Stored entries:
= Beginning of Section =
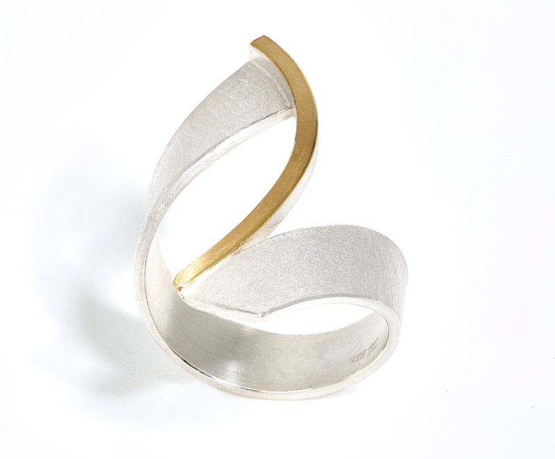 Stijlvolle zilveren ring met een elegant gouden accent, ontworpen door Manu Schmuck. De ring heeft een moderne, verfijnde uitstraling en is met zorg handgemaakt.
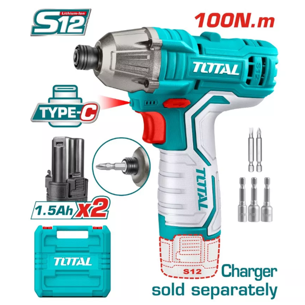Հարվածային պտուտակադարձիչ մարտկոցային 12Վ 100Նմ (2 մարտկոցով) TOTAL TIRLI12015 (ԿՈԴ 13865)
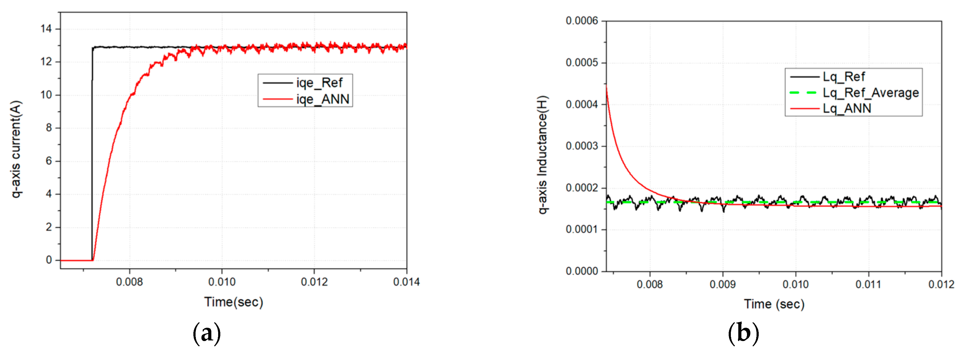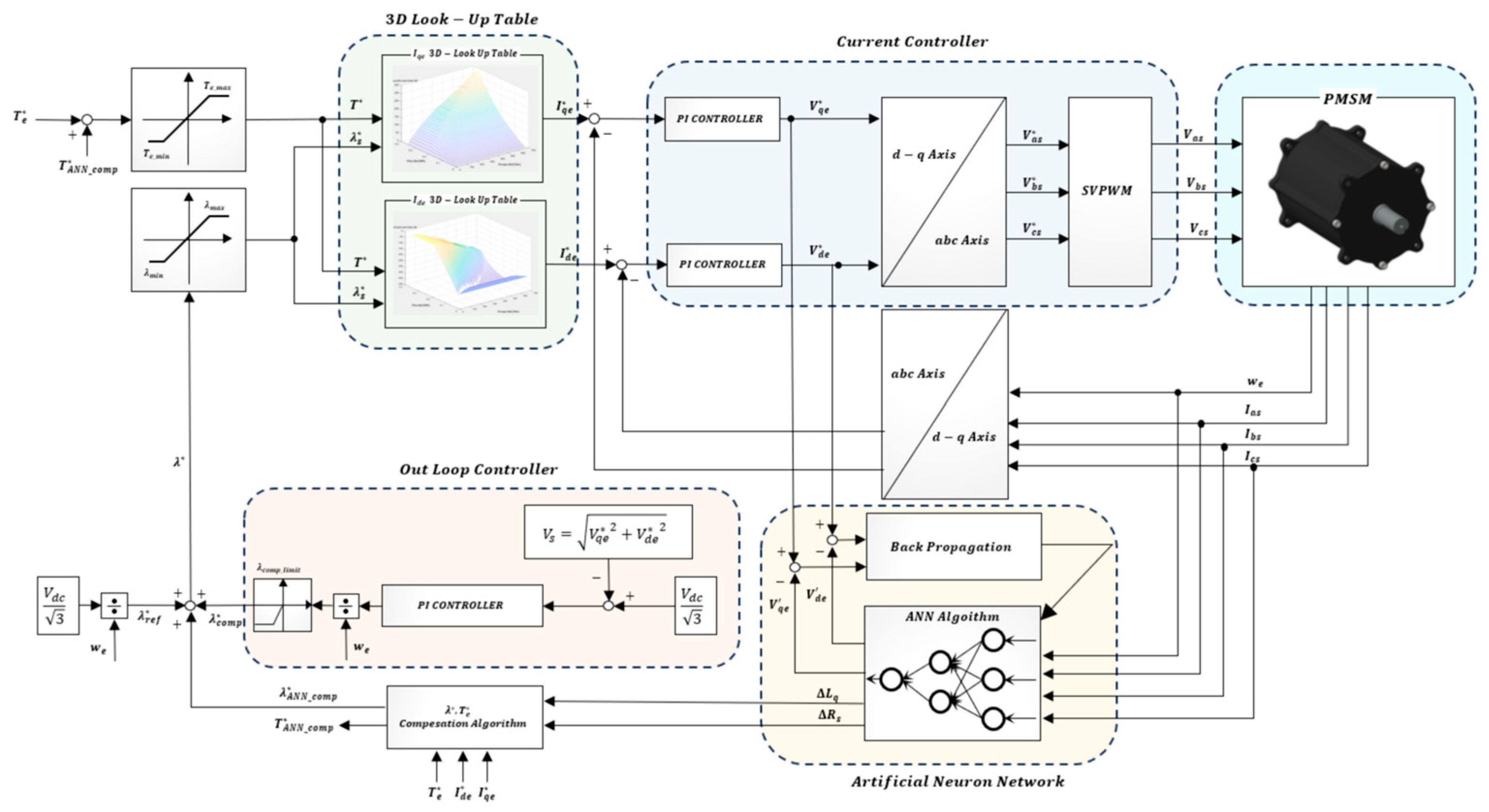 26]. However, since the PMSM motoring operation region is limited to the second quadrant of the d-q current plane, the valid d-q current combination converges to a single operating point. The optimal d-axis current reference is derived under the Maximum Torque Per Ampere (MTPA) condition in Equation (19). Based on this, the proposed flux compensation strategy calculates the d-axis current reference using the q-axis current reference obtained from the torque compensation process and the parameters estimated via the SLBPNN method, as expressed in Equation (19). The calculated d-axis current reference and the torque reference are then substituted into Equation (6) from the previous section to determine the flux reference value required to achieve the optimal torque output. Furthermore, by substituting the inductance variation in the PMSM estimated through the proposed SLBPNN into Equation (6), it is possible to obtain the compensated flux reference value corresponding to the operating region altered by the parameter variation in the motor. By applying this compensated flux value, together with the original flux reference, to the flux-based PMSM torque control lookup table (LUT), the proposed method can effectively compensate for the reduction in output efficiency caused by the parameter-induced shift in the operating region during motor operation. Ultimately, this approach enables compensation of both the d- and q-axis operating points for improved PMSM performance under varying conditions, as shown in
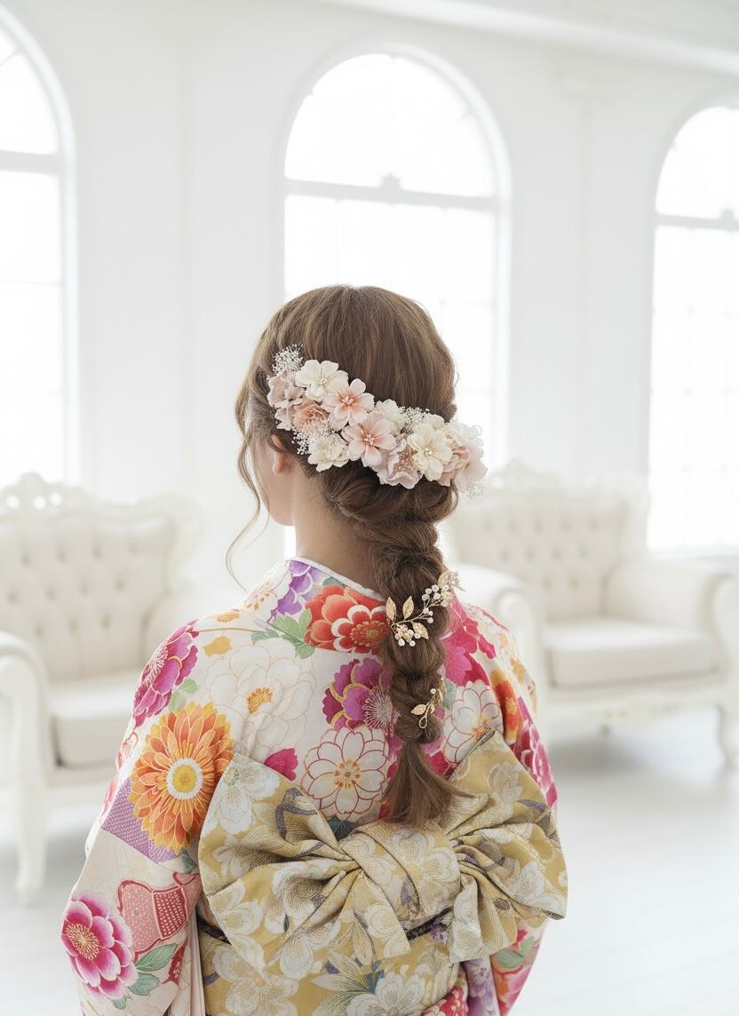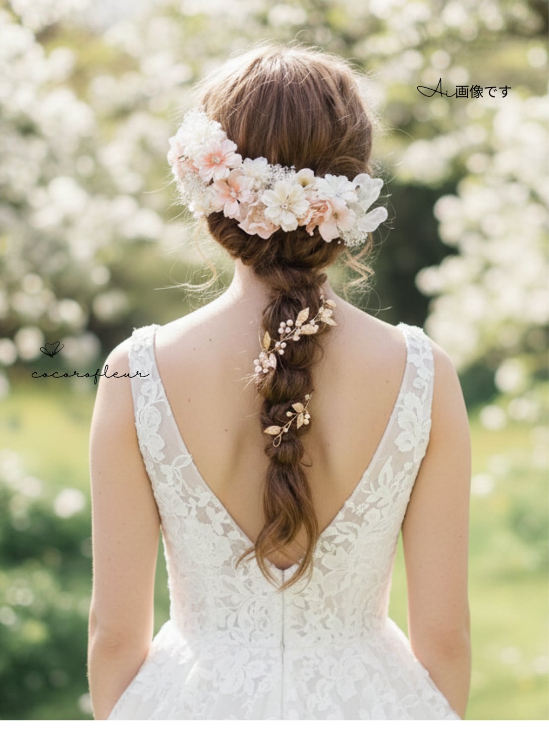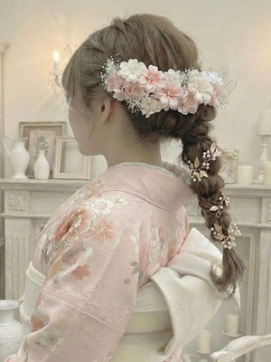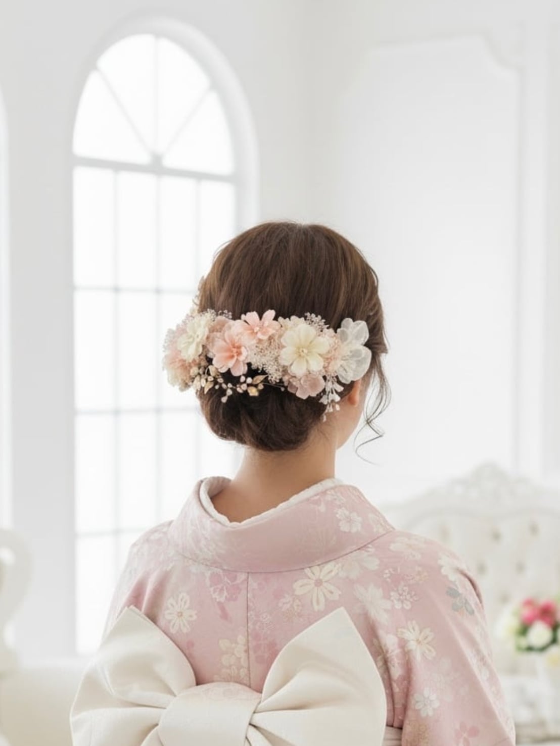 Zinnia(ジニア)髪飾りは、上品なフラワーと小枝ビジューが一つになった、とても華やかで美しいヘアアクセサリーです。卒業式、袴、振袖、成人式、白無垢、色打掛、和装のシーンでのヘアパーツやヘッドドレスとして最適です。
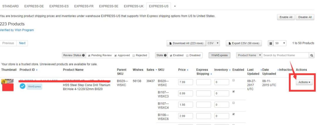 进入相应仓位,找到想要重新加入海外仓项目的产品,点击“Actions”(产品措施)。
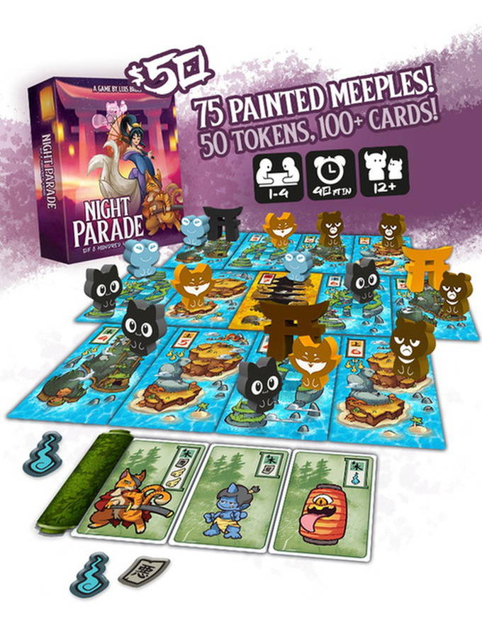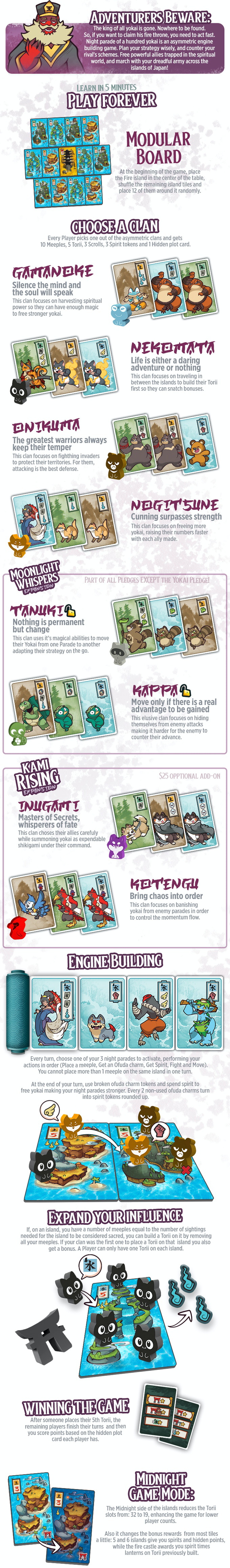 Pick from 4 asymmetric factions and draft to summon new yokai making the most efficient night parade. Every round, activate one of your parades to send meeples to haunt the islands, move around and fight each other. As soon as an island have a certain number of yokai, the denizens will build a shrine to pacify them, sending your meeples back to your player area. Once one player get 5 of their shrines in play, the remaining players get a last turn, then the game ends and victory points are scored based on hidden cards to decide the winner.
= End of Section =
Except for the pictures, set down each line of the records exactly as it appears.

 Stijlvolle zilveren ring met een elegant gouden accent, ontworpen door Manu Schmuck. De ring heeft een moderne, verfijnde uitstraling en is met zorg handgemaakt.
Հարվածային պտուտակադարձիչ մարտկոցային 12Վ 100Նմ (2 մարտկոցով) TOTAL TIRLI12015 (ԿՈԴ 13865)
 26]. However, since the PMSM motoring operation region is limited to the second quadrant of the d-q current plane, the valid d-q current combination converges to a single operating point. The optimal d-axis current reference is derived under the Maximum Torque Per Ampere (MTPA) condition in Equation (19). Based on this, the proposed flux compensation strategy calculates the d-axis current reference using the q-axis current reference obtained from the torque compensation process and the parameters estimated via the SLBPNN method, as expressed in Equation (19). The calculated d-axis current reference and the torque reference are then substituted into Equation (6) from the previous section to determine the flux reference value required to achieve the optimal torque output. Furthermore, by substituting the inductance variation in the PMSM estimated through the proposed SLBPNN into Equation (6), it is possible to obtain the compensated flux reference value corresponding to the operating region altered by the parameter variation in the motor. By applying this compensated flux value, together with the original flux reference, to the flux-based PMSM torque control lookup table (LUT), the proposed method can effectively compensate for the reduction in output efficiency caused by the parameter-induced shift in the operating region during motor operation. Ultimately, this approach enables compensation of both the d- and q-axis operating points for improved PMSM performance under varying conditions, as shown in
 Zinnia(ジニア)髪飾りは、上品なフラワーと小枝ビジューが一つになった、とても華やかで美しいヘアアクセサリーです。卒業式、袴、振袖、成人式、白無垢、色打掛、和装のシーンでのヘアパーツやヘッドドレスとして最適です。
 进入相应仓位,找到想要重新加入海外仓项目的产品,点击“Actions”(产品措施)。
 Pick from 4 asymmetric factions and draft to summon new yokai making the most efficient night parade. Every round, activate one of your parades to send meeples to haunt the islands, move around and fight each other. As soon as an island have a certain number of yokai, the denizens will build a shrine to pacify them, sending your meeples back to your player area. Once one player get 5 of their shrines in play, the remaining players get a last turn, then the game ends and victory points are scored based on hidden cards to decide the winner.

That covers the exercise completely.